Last 26th of October I started an experimento to test how PDF documents are crawled and indexed by search engines. In particular, I was curios to understand the following things about PDF documents:
- Does Microsoft Word® headers (normally used into a professional document) make a difference?
- How much the Keyword Density in the document impact on its ranking?
- How much document properties (Title, Author, Comments and Keywords) influence the indexing?
After just one week, Google started to show some concrete results. The other search engines are still looking around; only Ask return a couple of result, but anything that I can talk about.
Scope of this document is to highlight the fluctuation that the different PDF documents made (13 in total) made day-by-day.
Those are the first – most interesting – results I collected during the past weeks for the main document returned by a SERP generated using the URK "seiunamicone".
Followed by the hidden results, those one that can be seen expanding the hidden menu (click on plus symbol).
I've been monitoring the SERP for a while, and apart from the first days where it has been continuous fluctuations, now the results seem to be stabilized.
Proposing a lot of images it would probably have been muddle-headed, however I can assure you that a lot of changes took place, and I presume that looking at the SERP tomorrow, something new could be highlighted.
Just to give you an example outside the above picture, on 3rd of November the third result was a document called PDF-test-without-headers-KD43.pdf – my test n. 11. To be honest have shown it there get me confused e I wasn't able to figure out how it was possible.
That's the reason for which I included a graph collecting the different SERPs changes.
This is the full graph.
Whilst this is a graph with the documents that just take part on the SERP during the period in which I monitored it.
Let's analyze it altogether, but first let me remind you something about the documents generated. I assumed a KWD of the URK "seiunamicone" split between the page (42%) and the document properties (56%) and fake headers when H1 and H2 have been created using pure emphasis instead of Word styles.
The first PDF to be indexed has been a document called Test 7 (PDF-test-without-header2-KD100.pdf). This document contains an H1 made using Word styles, a fake H2 – just emphasized text – with a KD of 100%. Just after some days, this document has been completely refused by Google SERP. Today is in the index but sit nowhere.
A snugly result for test number 5, 28% KD and one header, whilst no index at all for test 3, 10 or 13 for example.
If we would like to analyze only the first three results (first one and it's aggregate) plus the first result shown when expanding hidden results we got the following picture.
Positive results has been collected for test number 12, always been present in the SERP and now stable on position 1 from about one week, test number 1.1, with some fluctuation, but now stable on position 2, and finally test 11, that apart some daily disappear has always been on position three.
So what makes the difference for these documents?
I almost sure Google is able to interpret the RTF code contained into PDF document (most probably doing a sort of reverse engineering). This sounds like strong assert (and maybe it is, so please take it just as my personal opinion) but it's the only explanation I was able to find when I answered to the question "Why these?"

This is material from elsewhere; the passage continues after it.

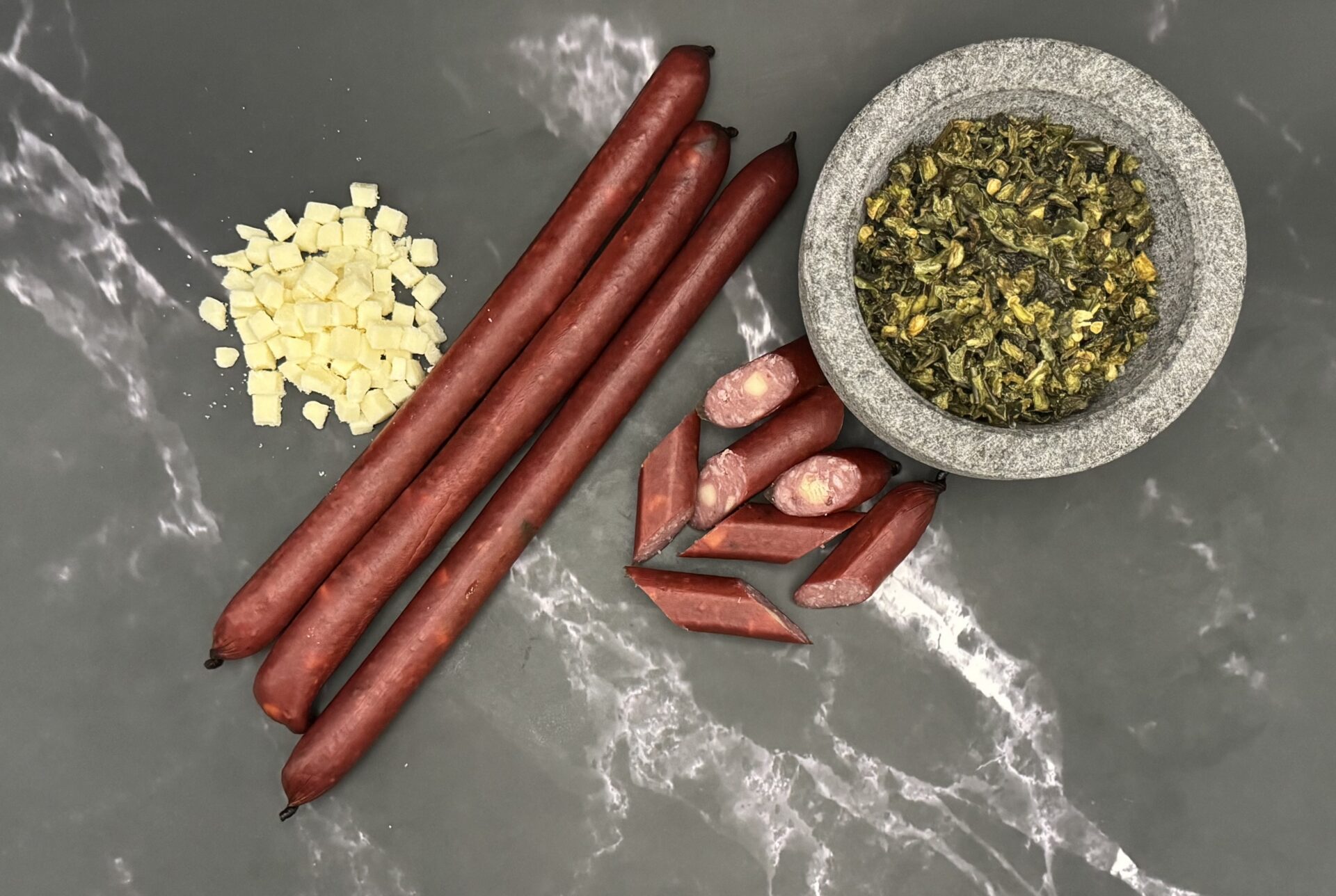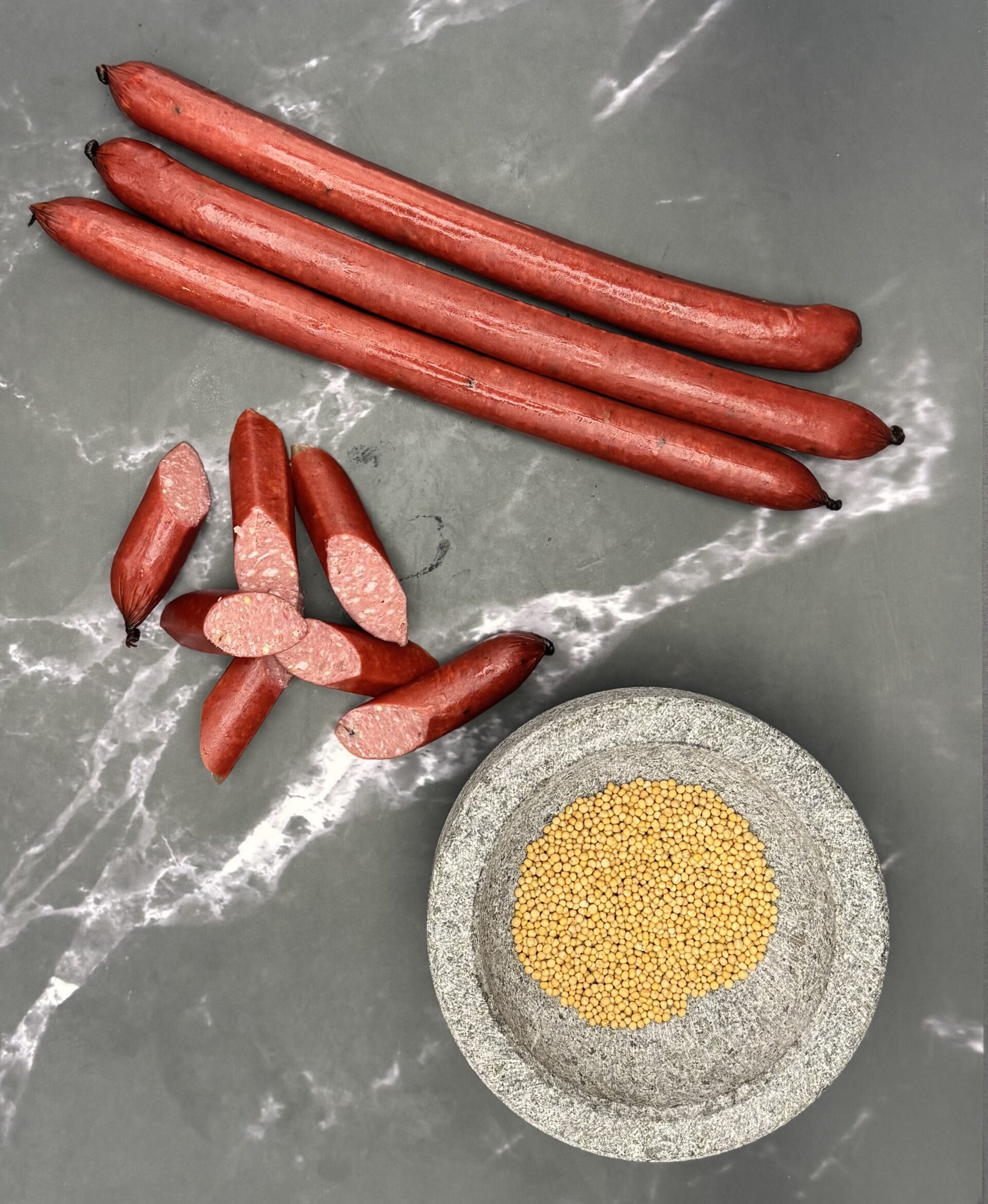 Our beef and pork snack sticks are the perfect savory snack for any time of day. Made from high-quality, locally sourced beef and pork, these snack sticks are seasoned with a flavorful blend of spices and slow smoked to create a rich, smoky taste in every bite. They’re fully cooked and ready to enjoy, making them a convenient option for lunch boxes, road trips, hunting trips, or a quick protein snack.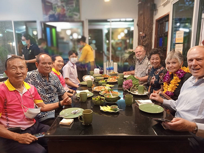 เมื่อดร.ลาวกลับจากภาคสนามท่านอธิการบดีดร.ณรงค์ ชวสินธุ์และ รองอธิการบดีอาจารย์ชุติมา ชวสินธุ์ ได้จัดเลี้ยงอาหารค่ำให้กับคณะของดร.ลาวอีกวาระหนึ่ง ที่ “ครัวอาจารย์สายหยุดและหมอทราย” ร้านอาหารที่มีชื่อเสียงเลื่องลือด้านอาหารไทยแท้แบบดั้งเดิม ที่ทางร้านใช้สโลแกนว่า “ อาหาร…ศิลปแห่งการใช้ชีวิต”ที่ช่างแสนจะเหมาะสมเหลือเกินเพราะอาการของทางร้านจัดแต่งประดิดประดอยอย่างสวยงามและแสนอร่อย

Analyzing the SERPs, I saw that after a KWD factor, the headers get their own importance, so, today what could be the answer about the following question?
What are the factors that influence a PDF file indexation into Google? (Conclusions)
As of today, I would probably answering by saying:
- Document properties usage. It is worth adding keywords into the document properties (Title, Subject e Keywords – Comments are ignored). We can even use the Author field, but it looks like to be used for different purposes.
- Keyword density. A sufficient number of keywords in the strategic part of the document – as per HTML pages – results in a better-optimised document, especially when headers are used. But I've noticed another important thing; documents over a certain size (something around 100 KB) are not crawled properly.
- Header usage. Inserting keywords into the header 1 (made with Word styles, not emphasizing the text) boost the document and helps the indexation. Using an H2 is equally fine, and no particular weight difference exists between the two of them.
- Keyword proximity. When the header styles are not used, the keyword proximity plays an important role.
I believe I have not forget anything and I hope you enjoyed reading this post.